**WHAT YOU NEED TO DO**
Repeat the lines of the data exactly and exclude any picture among them.

**DATA BLOCK**
== Segment start ==
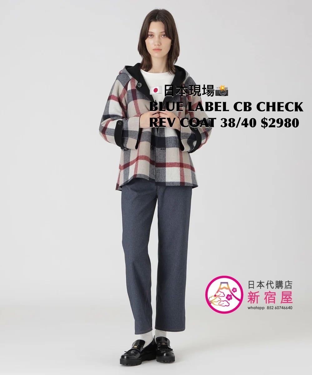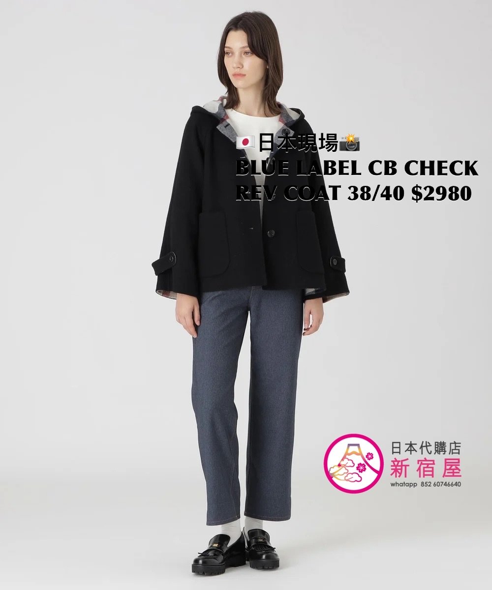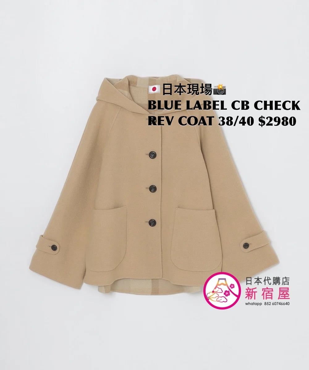 BLUE LABEL CB CHECK REVERSIBLE COAT SIZE 38/40,BLACK/ BEIGE/ GRAY,$2980 👚參考尺寸 SIZE 38: 胸 104 著丈 70cm SIZE 40: 胸 107 著丈 71cm
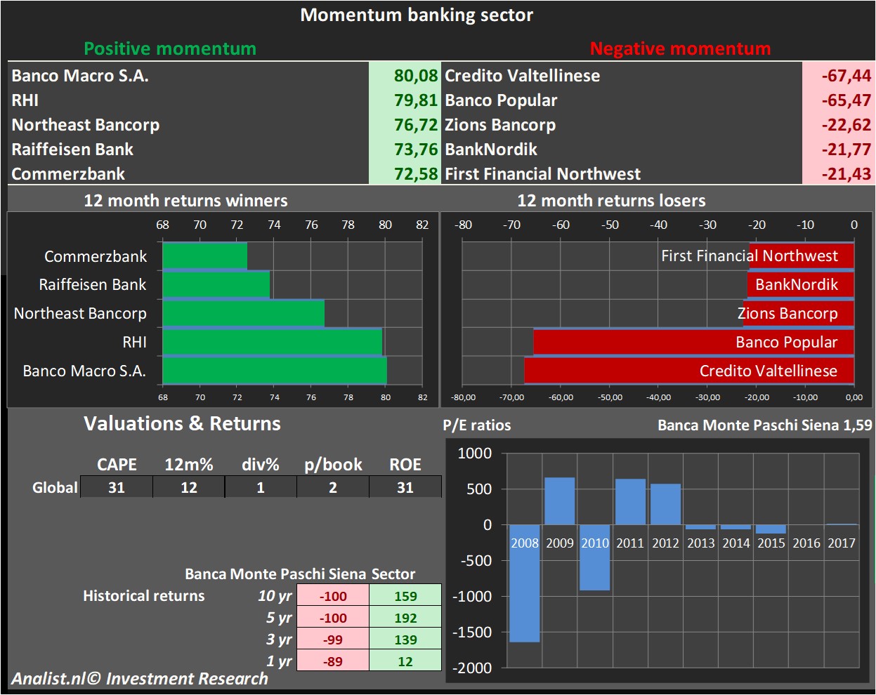 Het aandeel behoort vanaf begin dit jaar door de forse daling van 59 procent één van de slechtere aandelen van de bankensector. Het doorsnee aandeel uit de bankensector leverde de dit jaar een winst op van 143 procent. Overige aandelen uit de peergroup met fors negatieve rendementen zijn onder andere Credito Valtellinese , Banco Popular en Zions Bancorp . Bij de sectorverliezers horen onder andere Banco Macro S.A., RHI en .
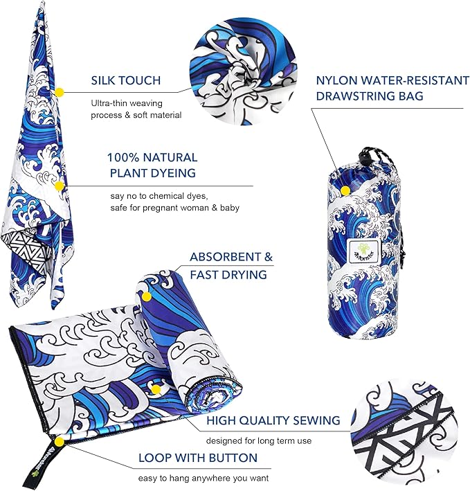 - 【100% Sand Free】Designed for beaches and camping,engineered to repel sand, ensuring that sand grains won't stick to the towel. After use, simply shake off the towel, and sand will easily fall off, making it hassle-free to clean.
== Segment end ==
**YOUR SOLUTION**
 BLUE LABEL CB CHECK REVERSIBLE COAT SIZE 38/40,BLACK/ BEIGE/ GRAY,$2980 👚參考尺寸 SIZE 38: 胸 104 著丈 70cm SIZE 40: 胸 107 著丈 71cm
 Het aandeel behoort vanaf begin dit jaar door de forse daling van 59 procent één van de slechtere aandelen van de bankensector. Het doorsnee aandeel uit de bankensector leverde de dit jaar een winst op van 143 procent. Overige aandelen uit de peergroup met fors negatieve rendementen zijn onder andere Credito Valtellinese , Banco Popular en Zions Bancorp . Bij de sectorverliezers horen onder andere Banco Macro S.A., RHI en .
 - 【100% Sand Free】Designed for beaches and camping,engineered to repel sand, ensuring that sand grains won't stick to the towel. After use, simply shake off the towel, and sand will easily fall off, making it hassle-free to clean.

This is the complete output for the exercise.